During the year I was actively trying it was SUCH an emotional roller coaster- all those things you're thinking, wondering, worrying about. I'm so glad you're with a supportive spouse and are emotionally strong. Good luck!!

Re: Feel soooo unsure about how to feel...

Post by kaxy » Sun Jan 27, 2013 03:57 am

I hear ya. All we can do is hope for the best and choose caregivers we're comfortable with! Good luck!

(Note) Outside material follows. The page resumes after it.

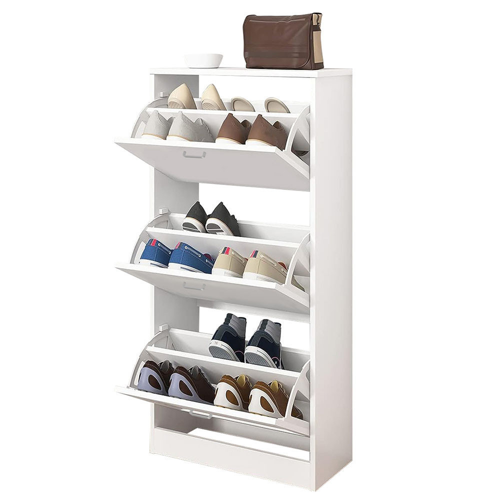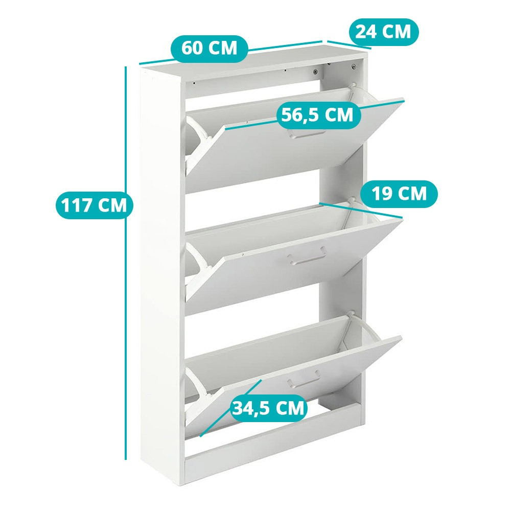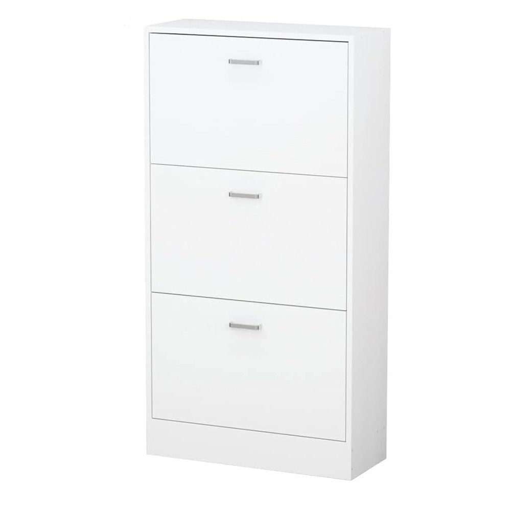 Rendezd cipőidet elegáns stílusban ezzel a modern, 3 részes cipősszekrénnyel! Letisztult fehér dizájnja bármilyen térbe illik, míg keskeny és helytakarékos kialakítása garantálja, hogy kis helyen is elférjen. Praktikus, családbarát megoldás az előszobába, irodába vagy közlekedőbe, miközben tetején dekorációkat is elhelyezhetsz.

Feel soooo unsure about how to feel...

Post by princess purr » Sun Jan 27, 2013 01:20 am

I know there is that two year window/seven year window... and I'm 8 years out now. I also got divorced and married to someone else.... I'm giving myself a 50/50 chance because it is just all so different now... and I'm either going to get PE again or not get PE again.... Just so frustrating not to have a crystal ball that will tell me if/when I will get pregnant... if the baby will be okay... if I will be okay... I know no one has that, but it just seems like for the most part people see two lines, start making great plans, and then have a healthy baby... I want to badly to be excited about trying, and everything that goes with it but I'm truly terrified. Since so many things are different, and I will be on LDA and heparin when I do get pregnant I feel like I have a better chance now then I did the first time, but I'm scared... and I'm so bad with the unknown and waiting... I guess I just needed to vent!!